Task statement: Look for the line containing "Стакан для зубных" and the line containing "Een fantastisch blad, dat" in the entries below. Copy those two and all lines between them exactly, leaving out pictures.

Provided records:

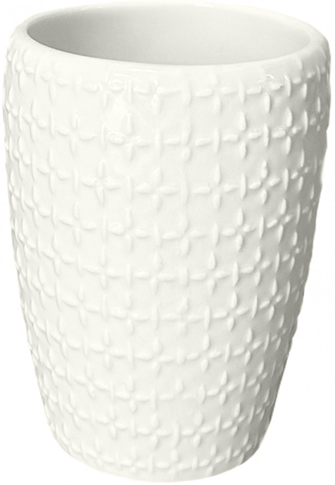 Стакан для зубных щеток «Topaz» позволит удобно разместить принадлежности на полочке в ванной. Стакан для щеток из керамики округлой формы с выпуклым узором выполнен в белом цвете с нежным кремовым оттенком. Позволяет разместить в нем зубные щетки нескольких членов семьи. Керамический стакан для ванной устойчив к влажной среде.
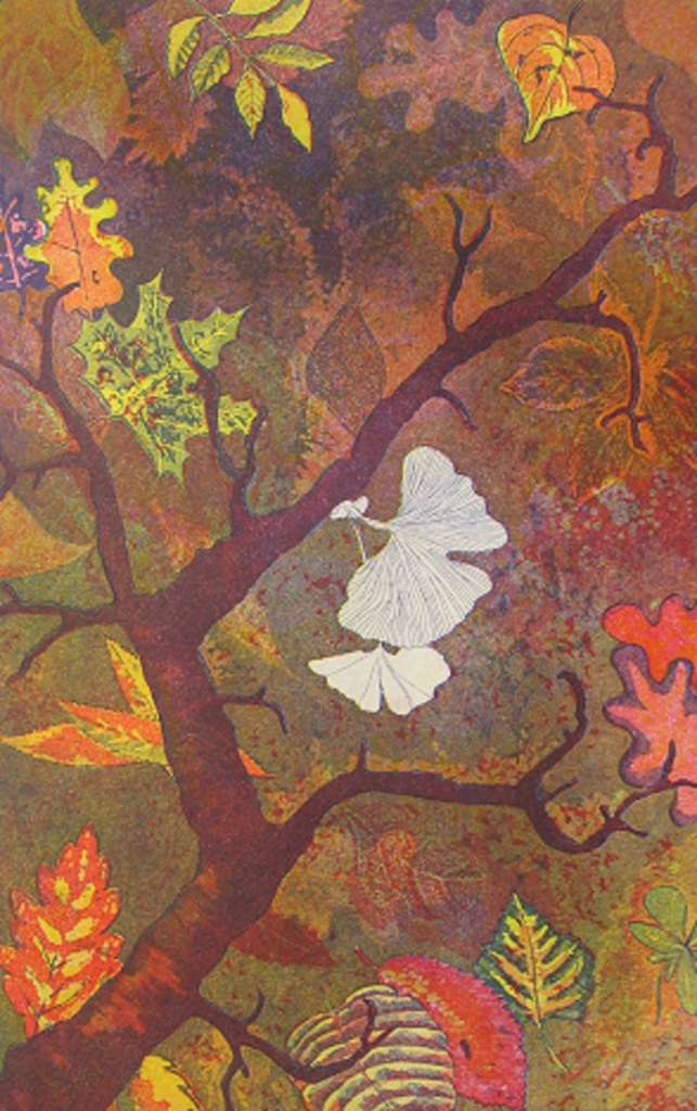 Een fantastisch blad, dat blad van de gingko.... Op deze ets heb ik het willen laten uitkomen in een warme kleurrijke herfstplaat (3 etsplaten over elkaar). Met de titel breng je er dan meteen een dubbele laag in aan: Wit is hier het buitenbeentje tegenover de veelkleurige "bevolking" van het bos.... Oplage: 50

---

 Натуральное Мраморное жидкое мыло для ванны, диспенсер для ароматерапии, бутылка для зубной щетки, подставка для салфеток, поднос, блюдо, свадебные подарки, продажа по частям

Answer section:
 Стакан для зубных щеток «Topaz» позволит удобно разместить принадлежности на полочке в ванной. Стакан для щеток из керамики округлой формы с выпуклым узором выполнен в белом цвете с нежным кремовым оттенком. Позволяет разместить в нем зубные щетки нескольких членов семьи. Керамический стакан для ванной устойчив к влажной среде.
 Een fantastisch blad, dat blad van de gingko.... Op deze ets heb ik het willen laten uitkomen in een warme kleurrijke herfstplaat (3 etsplaten over elkaar). Met de titel breng je er dan meteen een dubbele laag in aan: Wit is hier het buitenbeentje tegenover de veelkleurige "bevolking" van het bos.... Oplage: 50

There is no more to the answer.